In this chapter, we will outline the experimental method of the artificial annual environmental cycle for cultivating small scale sterilized poplar and the investigation of 137Cs and 42K uptake through their roots under long and short photoperiod conditions.

10.2 Application of the Artificial Annual Environmental Cycle to Poplar

In poplar, dormancy is primarily initiated in response to short-day lengths (Sylven 1940; Nitsch 1957), and the recent genetic and physiological understandings of dormancy initiation and break make poplar a highly suitable model tree for investigating growth rhythms. And the Populus trichocarpa genome was sequenced and expressed sequence tags of Populus were also identified (Kohler et al. 2003; Sterky et al. 2004). To utilize these advantages, we used poplar Hybrid aspen T89 (Populus tremula x tremuloides) as our experimental plants for investigating the shift of K and Cs distribution.

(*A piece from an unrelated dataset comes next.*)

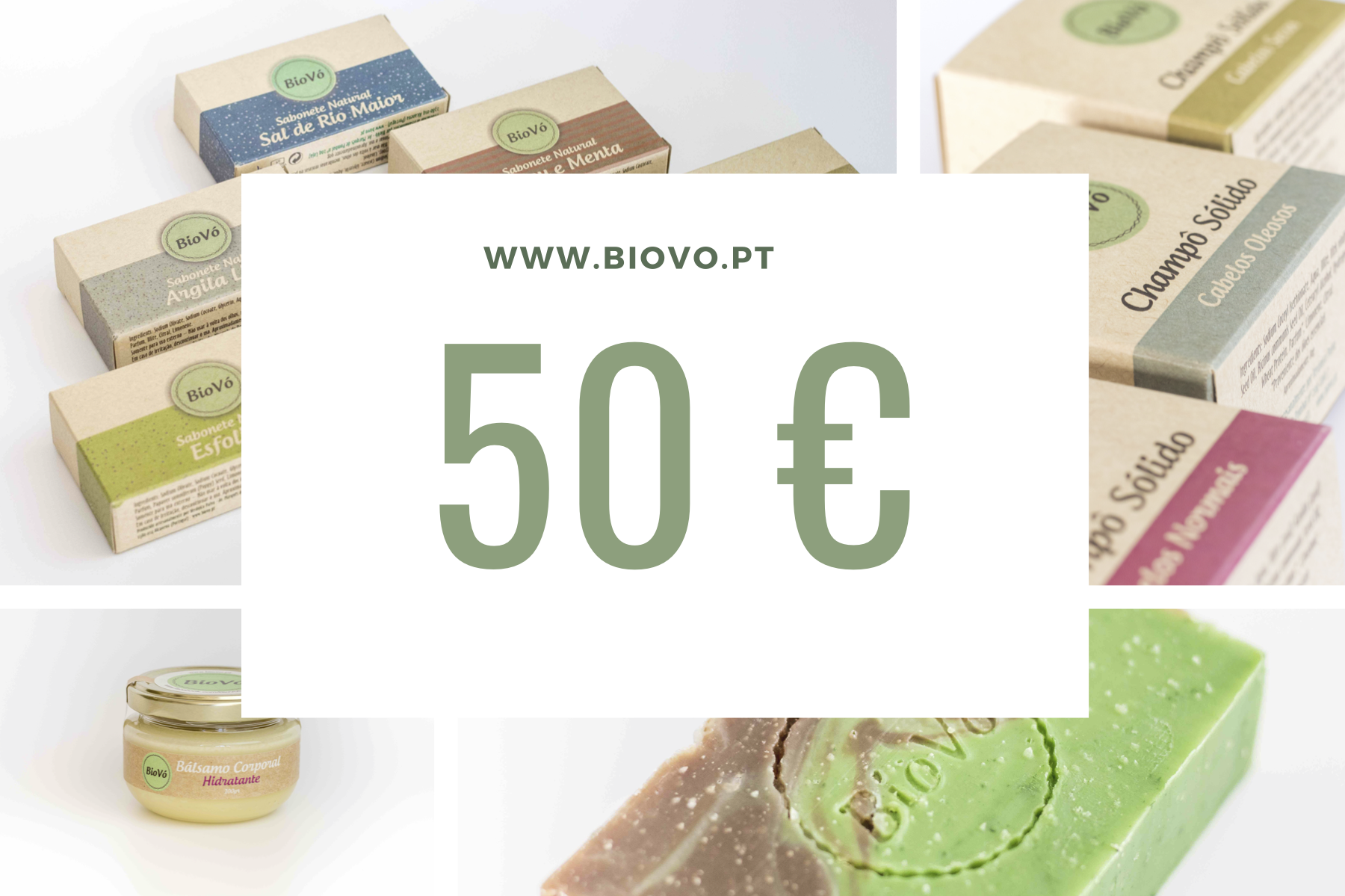 • Produtos de sabonete, creme e caixa Biovo para cuidados pessoais.

Hybrid aspen T89 were cultured in half-strength Murashige & Skoog (MS) medium in a sterilized container (height 14 cm, diameter 11 cm) (Fig. 10.1a) under light- and temperature-controlled conditions; 16 h light (light intensity 37.5 μmol m−1 s−1) and 8 h dark cycle, 23 °C (Fig. 10.1b). Once a month, each plant was cut approx. 5 cm below the shoot apex and replanted in a container containing new MS medium under sterile conditions.
Fig. 10.1

Growth condition of poplar. (a) The container for sterilized culture. The lid of the container has a microscopic pore air inlet. Bar = 5 cm. (b) Cultivation condition of artificial annual environmental cycle

The annual cycle of poplar growth is re-created in the artificial annual environmental cycle, which is a modification of a similar method by Kurita et al. (2014). The poplar was treated with three stages: Stage-1 (Spring and Summer) 23 °C, 16 h light /8 h dark, Stage-2 (Autumn) 23 °C, 8 h light/16 h dark and Stage-3 (Winter) 4 °C, 8 h light/16 h dark (Table 10.1). Poplars can break its dormant bud after the return to Stage-1 within 2 weeks. In our artificial annual environmental cycle, in contrast to Kurita et al. (2014), the temperature in Stage-2 was set to 23 °C. Our preliminary experiments revealed that the dormant bud formation can be triggered by 4 weeks of short day-length treatment when the temperature is less than 23 °C. To minimize the environmental factors related to the dormancy initiation, the temperature was kept constant in Stage-1 and -2.
Table 10.1

Culture conditions in artificial annual environmental cycle

 

Mimicked season

Kurita et al. 2014

Our condition

 

Temperature (°C)

Light/dark (h)

Cultivation period (week)

Temperature (°C)

Light/dark (h)

Cultivation period (week)

Stage-1

Spring/summer

25

14/10

4

23

16/8

3

Stage-2

Autumn

15

8/16

4

23

8/16

10

Stage-3

Winter

5

8/16

8–12

4

8/16

4

10.3 Measurement of 137Cs and 42K Distributions in Poplar

Under the artificial annual environmental cycle using Populus alba L., the shift of growth condition from Long Day (LD) to Short Day (SD) condition decreased the phosphate contents in lower leaves (Kurita et al. 2014). This change of phosphate content suggested the existence of a mechanism for the re-translocation of phosphate from lower leaves to younger upper leaves with seasonal changes. Regarding calcium (Ca) translocation, Furukawa et al. (2012) indicated the Ca transport from root to shoot is also regulated by the shift from LD to SD in Populus maximowiczii. To investigate if a similar shift occurs for 137Cs, Cs uptake through roots and its behavior within the plant body was compared in LD and SD conditions (Noda et al. 2016).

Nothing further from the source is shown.